Productivity: Addressing gender issues and supporting women’s empowerment can enhance productivity in the workforce and supply chain. Investing in women’s skills and facilitating access to resources can improve production quality and stabilize or increase output. Furthermore, human resources (HR) policies that address gender-specific needs (such as family-friendly policies, and non-transferable maternal and paternal paid leave) play a critical role in talent management, and can improve retention and reduce absenteeism. Addressing issues of gender-based violence (whether occurring at home, in the workplace, or en route) can also help reduce absenteeism, presenteeism (loss of productivity resulting from health problems and/or personal issues), and turnover.

Growth: Companies can experience growth by supporting women throughout the value chain. Various research studies have demonstrated that gender diversity has a strong impact on innovation in the workplace. Increasing gender diversity in the supply chain can also lead to greater innovation as well as new or improved market access. Furthermore, given that women control an estimated 64 percent of household spending and $29 trillion of consumer spending worldwide, they are a critical consumer segment that companies need to better understand, design for, and market to if they want to experience market growth.

Finally, gender inequality in a company’s operating environment can affect growth. According to the World Bank, more than 150 economies have at least one law impeding women’s economic participation (such as laws limiting mobility or restricting financial access). Even with positive legal frameworks, social norms such as the expectation that women attend to unpaid care work, can reduce women’s participation in the workforce. McKinsey estimates that if every country matched the progress toward gender parity in the labor markets of its fastest-moving neighbor, global gross domestic product could increase by $12 trillion in 2025.

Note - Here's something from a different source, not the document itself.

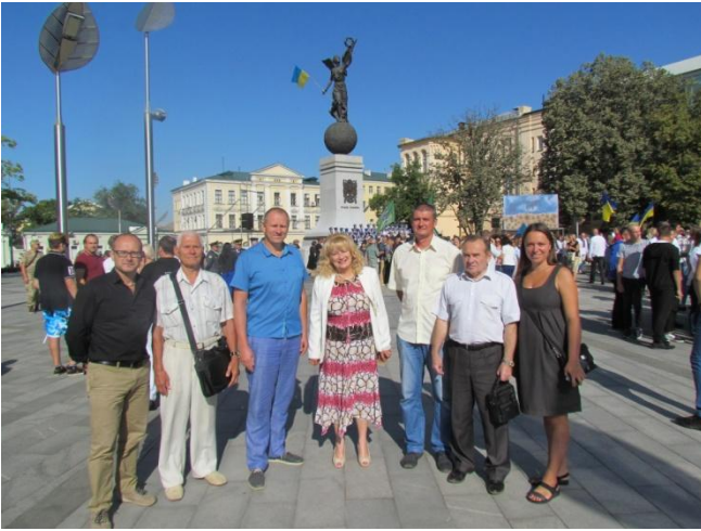
Покладання квітів на День Міста та День прапора

Outside these three value drivers, and also intertwined with them, are the positive impacts that gender equity and women’s empowerment initiatives can have on more intangible value factors, such as brand and goodwill, particularly among the increasingly important demographic of millennial and post-millennial employees and customers.

Ultimately, the potential social and business impact of addressing gender inequities and advancing women’s empowerment is immense. Indeed, we are already seeing forward-thinking business leaders, such as Paul Polman at Unilever and Art Peck at Gap Inc., who are integrating gender into core business operations throughout the value chain.

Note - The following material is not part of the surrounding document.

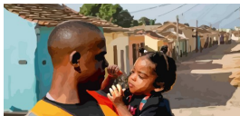
REF 4 (format 20 x 10)

There are several things companies interested in expanding their work in this area can do:

  1. Conduct analysis to understand where and to what extent gender is material to the business through value drivers of risk reduction, productivity, and growth.
  2. Get out of siloes. Learn from colleagues who have worked on integrating environmental sustainability, and collaborate with colleagues working on gender across the business—in HR, CSR, and procurement departments—to understand how gender impacts the whole business.
  3. Implement gender friendly policies, programs, and initiatives in core business operations, and ensure that gender initiatives are not restricted to HR or CSR departments or foundations.
  4. Collect and use data to model and quantify the concrete business benefits of interventions to promote gender equality.
  5. Be bold, take action, and share results. Step up, innovate, push forward, and share the social and business impacts of work to empower women. This can help build the case that advancing women across the value chain is important to a long-term sustainable business—not to mention the right thing to do for women and society.